* **THE TASK**
Reproduce only this stretch of the listing below: from the line with "and playful design." through the line with "2018年珠海梅華城市花園?", exactly as written, with pictures excluded.

* **DATA RECORDS**
════════════════════

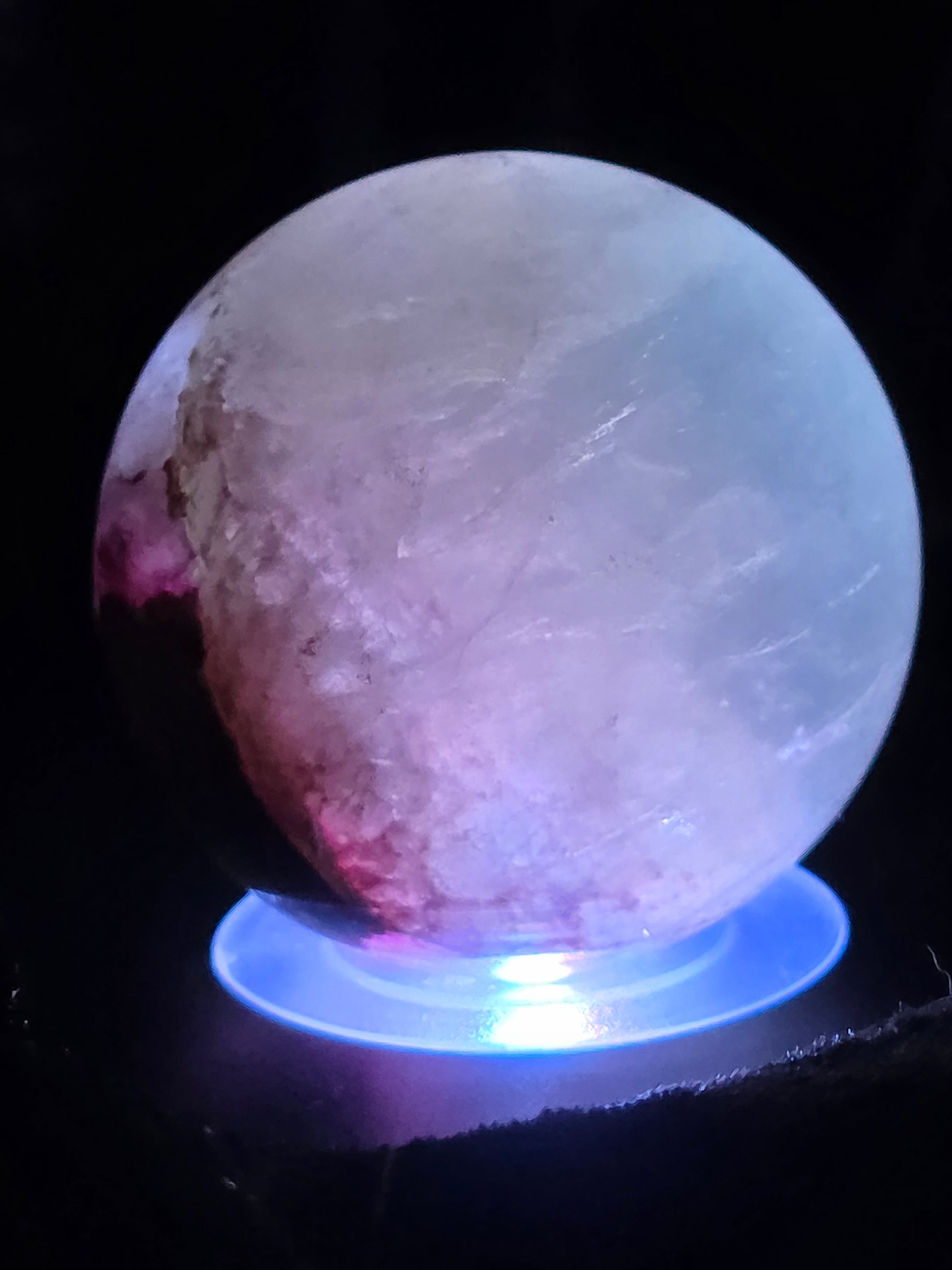 Layers of misty growth swirl inside this sphere like a secret garden, crowned with a rare pink inclusion that steals the show. Under UV light she lights up even more, proving sheโs both mysterious and a little extra. This isnโt your average fluorite โ itโs a one-of-a-kind vibe.
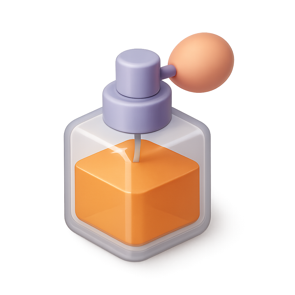 /Collection: /by davooda/Type: PNG/A stylized 3D icon of a perfume bottle featuring a transparent container with an orange cube inside. The bottle has a purple cap and a round pink puff, showcasing a modern and playful design.
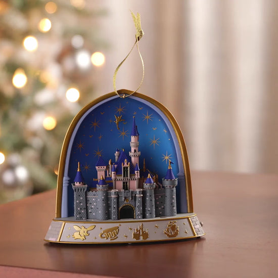 Commemorate the 70 years of The Happiest Place on Earth with this stunning Christmas tree ornament. The Disneyland design features Sleeping Beauty's Castle with an iridescent finish in honor of the theme park's platinum anniversary. Press the button to see a beautiful light show with fireworks as music from "When You Wish Upon a Star" plays. Battery operated.
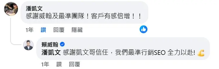 「感謝威翰及最準團隊!客戶有感倍增!!」
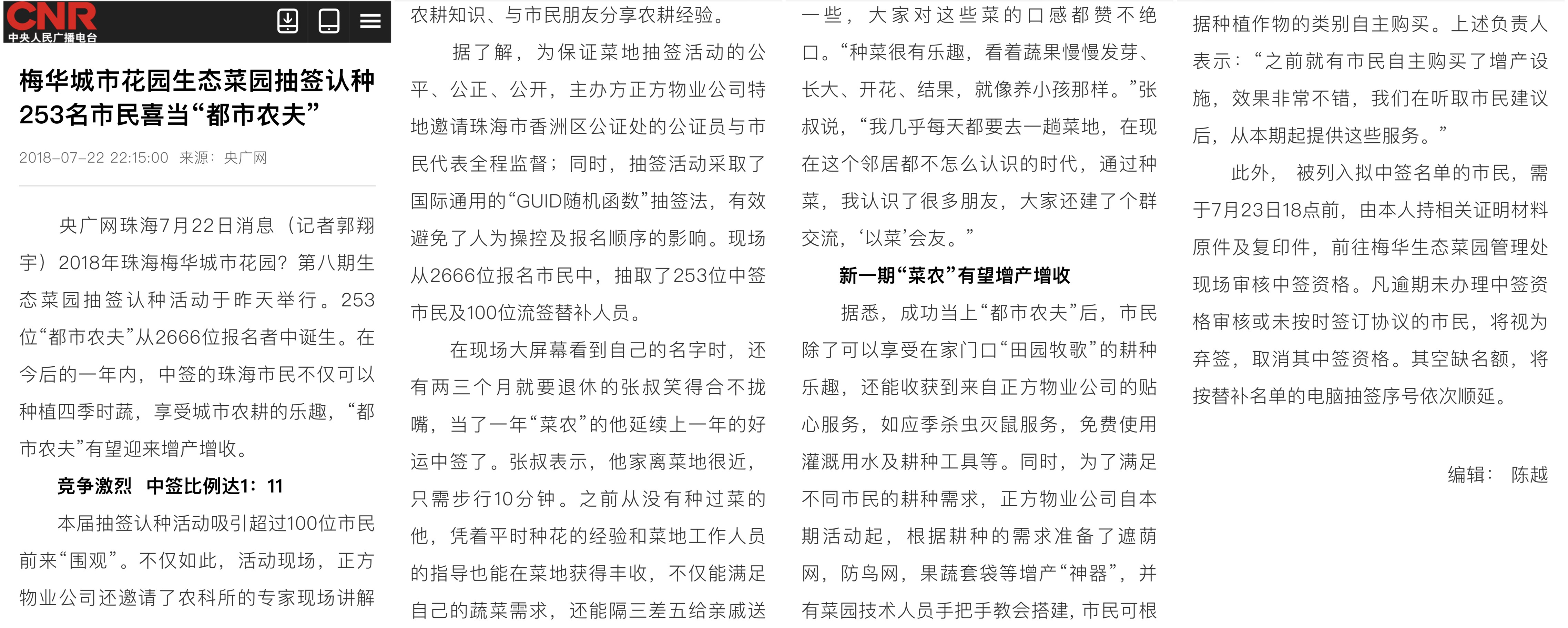 2018年珠海梅華城市花園?第八期生態(tài)菜園抽簽認種活動于昨天舉行。253位“都市農(nóng)夫”從2666位報名者中誕生。在今后的一年內(nèi),中簽的珠海市民不僅可以種植四季時蔬,享受城市農(nóng)耕的樂趣,“都市農(nóng)夫”有望迎來增產(chǎn)增收。
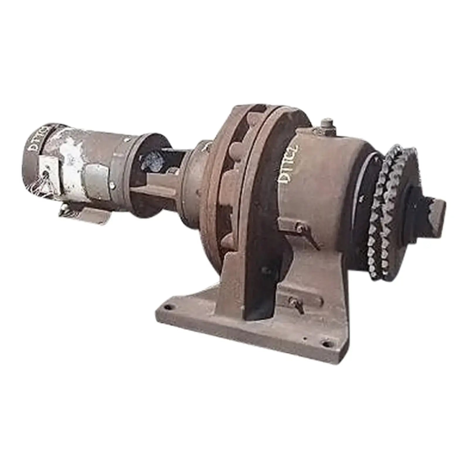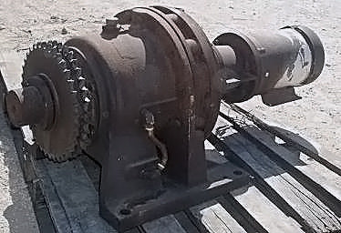 Accionamiento en línea Sumitomo SM-Cyclo. Diámetro del eje: 3-9/16 pulg. Número de piñones: 2. Diámetro de piñón: 1 pie. Número de dientes: 36. Paso: 1 pulg. Motor eléctrico Baldor, 5 hp, 1750 rpm, 230/460 V, 13,4/ 6,7 amperios, 60 Hz, trifásico. Dimensiones totales: 3 pies 8 pulgadas de largo x 1 pie 8-1/2 pulgadas de ancho x 1 pie 5-1/2 pulgadas de alto.
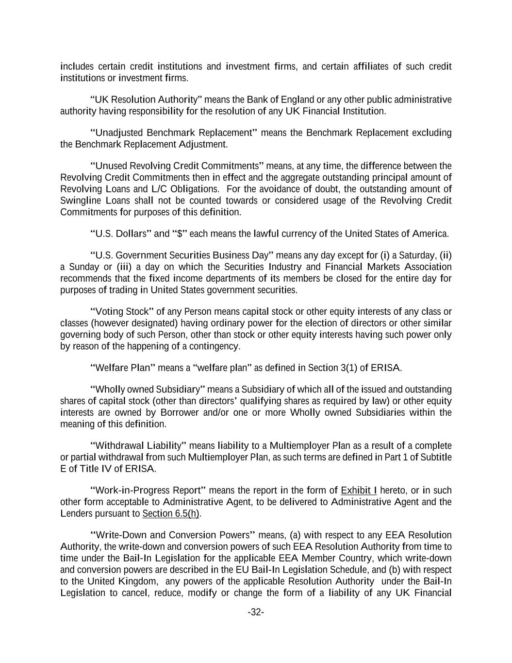 -32- includes certain credit institutions and investment firms, and certain affiliates of such credit institutions or investment firms. “UK Resolution Authority” means the Bank of England or any other public administrative authority having responsibility for the resolution of any UK Financial Institution. “Unadjusted Benchmark Replacement” means the Benchmark Replacement excluding the Benchmark Replacement Adjustment. “Unused Revolving Credit Commitments” means, at any time, the difference between the Revolving Credit Commitments then in effect and the aggregate outstanding principal amount of Revolving Loans and L/C Obligations. For the avoidance of doubt, the outstanding amount of Swingline Loans shall not be counted towards or considered usage of the Revolving Credit Commitments for purposes of this definition. “U.S. Dollars” and “$” each means the lawful currency of the United States of America. “U.S. Government Securities Business Day” means any day except for (i) a Saturday, (ii) a Sunday or (iii) a day on which the Securities Industry and Financial Markets Association recommends that the fixed income departments of its members be closed for the entire day for purposes of trading in United States government securities. “Voting Stock” of any Person means capital stock or other equity interests of any class or classes (however designated) having ordinary power for the election of directors or other similar governing body of such Person, other than stock or other equity interests having such power only by reason of the happening of a contingency. “Welfare Plan” means a “welfare plan” as defined in Section 3(1) of ERISA. “Wholly owned Subsidiary” means a Subsidiary of which all of the issued and outstanding shares of capital stock (other than directors’ qualifying shares as required by law) or other equity interests are owned by Borrower and/or one or more Wholly owned Subsidiaries within the meaning of this definition. “Withdrawal Liability” means liability to a Multiemployer Plan as a result of a complete or partial withdrawal from such Multiemployer Plan, as such terms are defined in Part 1 of Subtitle E of Title IV of ERISA. “Work-in-Progress Report” means the report in the form of Exhibit I hereto, or in such other form acceptable to Administrative Agent, to be delivered to Administrative Agent and the Lenders pursuant to Section 6.5(h). “Write-Down and Conversion Powers” means, (a) with respect to any EEA Resolution Authority, the write-down and conversion powers of such EEA Resolution Authority from time to time under the Bail-In Legislation for the applicable EEA Member Country, which write-down and conversion powers are described in the EU Bail-In Legislation Schedule, and (b) with respect to the United Kingdom, any powers of the applicable Resolution Authority under the Bail-In Legislation to cancel, reduce, modify or change the form of a liability of any UK Financial
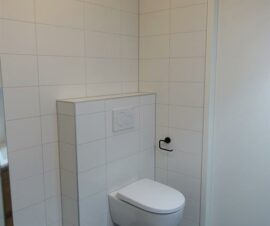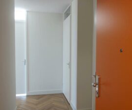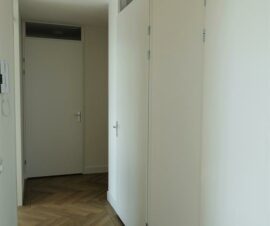 Entree appartement, ruime hal met garderobekast, berg-/waskast en een modern apart toilet met fontein.
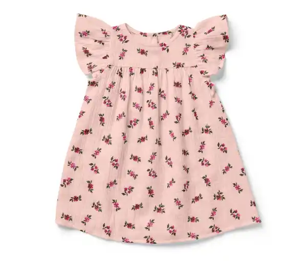 Baby-Musselinkleid Farbe: Rosa mit mehrfarbigem Blumen-Alloverprint Material: 100% Baumwolle (aus ökologischem Anbau) Sonstige Hinweise: Größenlauf/Alter: Gr. 62/68 (ca. 2 – 6 M.) Gr. 74/80 (ca. 6 – 12 M.) Gr. 86/92 (ca. 12 – 24 M.) Gr. 98/104 (ca. 2 – 4 J.) Am Rücken durch Knöpfe zu schließenLeichte, sommerliche Musselin-QualitätMit Volant-ÄrmelnTeilungsnaht unterhalb der BrustA-linienförmiger SchnittGOTS organic, zertifiziert durch CU 809415Dieses Kleid schützt Wasserressourcen
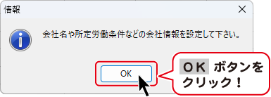 「会社名や所定労働条件などの会社情報を設定して下さい。」と
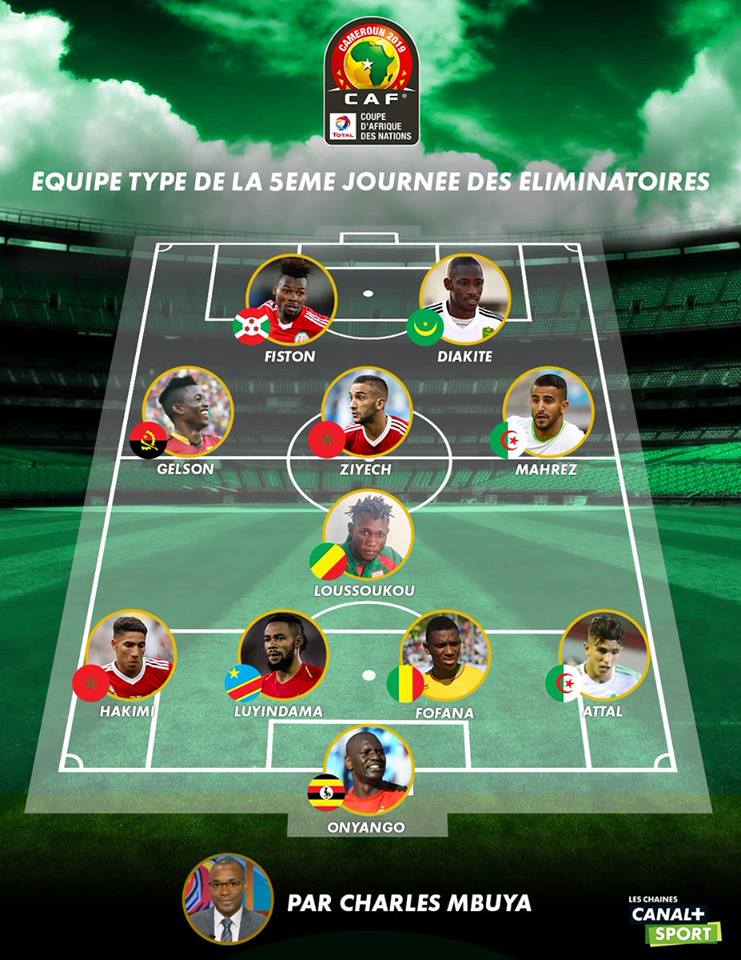 La chaine française, Canal+ Sport a établi son onze type de la 5ème journée des éliminatoires de la CAN 2019. Dans cette équipe figure la star mauritanienne du match Mauritanie-Botswana, qui a marqué les 2 buts, lors de la qualification du pays, Ismail Diakité.

════════════════════

* **RESULT FOR THIS EXERCISE**
 /Collection: /by davooda/Type: PNG/A stylized 3D icon of a perfume bottle featuring a transparent container with an orange cube inside. The bottle has a purple cap and a round pink puff, showcasing a modern and playful design.
 Commemorate the 70 years of The Happiest Place on Earth with this stunning Christmas tree ornament. The Disneyland design features Sleeping Beauty's Castle with an iridescent finish in honor of the theme park's platinum anniversary. Press the button to see a beautiful light show with fireworks as music from "When You Wish Upon a Star" plays. Battery operated.
 「感謝威翰及最準團隊!客戶有感倍增!!」
 2018年珠海梅華城市花園?第八期生態(tài)菜園抽簽認種活動于昨天舉行。253位“都市農(nóng)夫”從2666位報名者中誕生。在今后的一年內(nèi),中簽的珠海市民不僅可以種植四季時蔬,享受城市農(nóng)耕的樂趣,“都市農(nóng)夫”有望迎來增產(chǎn)增收。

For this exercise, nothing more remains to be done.